Crown City Studios was a  Recording Studio and Creative Space located in Pasadena, California that had been home to a variety of independent and major label recordings and other creative projects since 2004.

Many notable artists, producers, mixers, and engineers have worked at Crown City Studios. Music videos and television shows have been filmed at Crown City Studios.

In 2012, in conjunction with Make Music Pasadena, Crown City Studios launched "Crown City Sessions", a live in-studio video series, which featured The New Limb, Ozma, Robotanists, Torches, The Happy Hollows, The Lonely Wild, Mojo Stone, and The Well Pennies.

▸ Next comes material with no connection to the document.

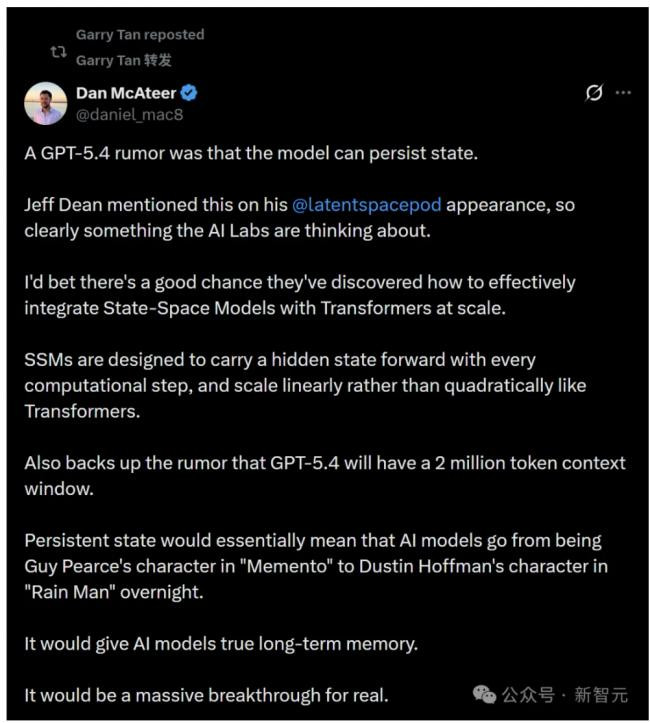 多方消息证实,OpenAI正在密集测试GPT-5.4。相比前代,该模型或迎来多项重大升级:上下文窗口翻倍至100万tokens,新增极限推理模式以应对复杂问题,长期任务执行能力显著提升。 最炸裂的传闻是,GPT-5.4可能引入永久记忆功能,让AI真正拥有持续记忆能力。若属实,这将是向自主智能体演进的关键一跃。 如果你觉得最近AI圈有点安静,太不刺激,那可能只是暴风雨前的宁静。 据多方消息,GPT-5.4,已经箭在弦上了! LMArena上,已经出现了GPT-5.4的身影。 就在刚刚,外媒The Information,剧透了不少关于GPT-5.4的核心内幕。 消息足够炸裂:它有更长的上下文,更极限的推理模型,甚至,可能出现永久记忆! 如果如传闻所言,这些都是真的,那这一代模型很可能不是简单的升级,而是一次能力形态的巨大跃迁。 ![]() ![]() ![]() GPT-5.4提前测试,代码炸裂曝光 最近,GPT-5.4简直在到处泄露。 ![]() 从Codex错误日志、GitHub PR,到员工误发截图,短短几天时间,GPT-5.4已经被“曝光”了至少三次。 ![]() 而且,这还都是OpenAI自己意外泄露出来的。 最早,是开发者Corey Noles在使用OpenAI Codex时触发了一次网络安全限制,系统返回的错误日志里出现了一串非常长的模型名称: ![]() 这串字符最关键的,就是前面三位——gpt-5.4。 总之,这串字符串可以认为是OpenAI的内部部署ID,翻译过来就是“一个真实部署、正在测试中的GPT-5.4实验版本。” ![]() 然后,在OpenAI官方Codex仓库里,出现了两个Pull Request: 一个PR写着: ![]() 另一个PR更直接: ![]() 看起来,OpenAI给GPT-5.4加了一个“Fast Mode”开关。几小时后,两个PR就被force push删除了。 接下来,更戏剧性的一幕出现:OpenAI Codex团队的一名员工Tibo 在社交平台上发布了一张截图。图中,模型选择器里赫然写着GPT-5.4。 ![]() 没多久,这条帖子就被删掉了。 随后,又有开发者报告,在Codex错误信息中看到类似的模型字符串。 这更加说明,GPT-5.4已经部署在内部服务器,正在进行真实的A/B测试了。 一次提示,生成6000行代码? 而且,目前已经有开发者报告了一个明显变化——速度! 一些测试者表示,模型的推理明显更快,代码生成更长,甚至一次提示可生成 6000+行代码! ![]() 这在以前几乎不可能。 一些人还发现一个新特征——Fast Mode。 这可能意味着,OpenAI正在尝试新的推理架构,例如多级latency pipeline,或不同速度档位模型。 另外,新模型界面特征也被发现了:部分用户表示,如果在推理摘要(Chain-of-Thought summary)旁边看到点赞或点踩按钮,可能意味着账户已经被分配到GPT-5.4的测试模型。 极限推理模式,性能拉爆 The Information的爆料,也跟以上信息完全对上了。 这次爆料中,最亮的就是这个极限推理模式——Extreme Reasoning Mode了。 传统模型的思考时间都很有限,但这个极限推理模式,直接让模型的性能拉到爆,在遇到困难问题时,能花费更多时间,调用更多计算资源,进行更深层的推理。 有趣的是,根据调查,其实很多普通ChatGPT用户对于推理功能并不太热衷。 而且从商业应用的角度来说,这个功能也不很适用,因为企业要的是AI尽快给一个答案。 因此,OpenAI依然如此重视推理能力,倒是显得动机纯粹了不少。 不过,这个消息,对于科研领域和部分企业客户,倒是重大利好。 显然,在科学研究领域,许多用户很愿意让一个模型在有价值的研究问题上运行数小时,甚至数天。 同时,部分企业也会需要用到GPT-5.4更强的推理能力和长周期任务表现,来构建能够把更复杂业务流程自动化的AI智能体。 根据各方爆料,这个极限推理模式将会很疯狂,这也就把大家的期待拉满了。 上下文直接翻倍,达到1M tokens 对于GPT-5.4来说,这是另一个十分硬核的升级——上下文窗口从40万tokens,升到了一百万tokens。 这样一来,GPT-5.4的上下文窗口将超过当前GPT-5.2的两倍。(当然,也有一些OpenAI模型支持100万token,比如GPT-4.1,但5.2并不支持) 这下,GPT-5.4可以直接塞进去几十万字的文档,分析一整本书,或者长长的代码库和数据了。 这也让终于让这个模型在长上下文能力上,重新追平了谷歌的Gemini和Anthropic的Claude。 毕竟,其他家早就达到了100万token的上下文窗口,现在GPT-5.4终于补齐了这个短板。 而坊间爆料比The Information更夸张:上下文达到了2百万tokens! ![]() GPT-5.4,开始擅长“长任务” 爆料中的另外一个点,就是GPT-5.4在需要持续数小时的任务上表现也更好。 也就是说,它在多个步骤中更能记住用户请求的细节,以及自己被允许或不允许执行的内容,同时也更不容易出错。 显然,这对于OpenAI的Codex编程工具会极有帮助,因为Codex正是使用AI来自动化复杂的长时间任务。 另外,这种长时间任务能力,对于AI Agent来说也非常关键。 Agent可以自己读取需求、查资料、写代码、修bug,并不是每一步都需要人重新提示了。 GPT-5.4,可能拥有永久记忆? 接下来,最疯狂的传闻来了——GPT 5.4,可能拥有永久记忆! 一位工程师在X上给出这个爆料后,立刻炸翻了AI社区,硅谷投资大佬、YC创始人Garry Tan也火速赶来转发。 ![]() 在这篇帖子中,爆料人是这样介绍GPT-5.4的“持久状态”的。 Jeff Dean在参加latentspacepod播客时就提到了这一点,可以看出,如今各大AI实验室都在思考这个方向。 有人猜测,OpenAI内部很可能已经发现了,如何大规模地有效结合状态空间模型(SSM)和Transformer。 其中的关键,就是SSM的设计本身就是在每一步计算中持续传递隐藏状态(hidden state),而且它的计算复杂度是线性增长,不像Transformer那

Crown City Studios was independently owned and operated by a Record Producer Eric Lilavois. It featured an extensive collection of analog and digital recording equipment, including a Solid State Logic AWS-900 Recording Console.

The studio featured a  live room, along with two isolation rooms, a spacious and relaxing lounge, and has a full kitchen.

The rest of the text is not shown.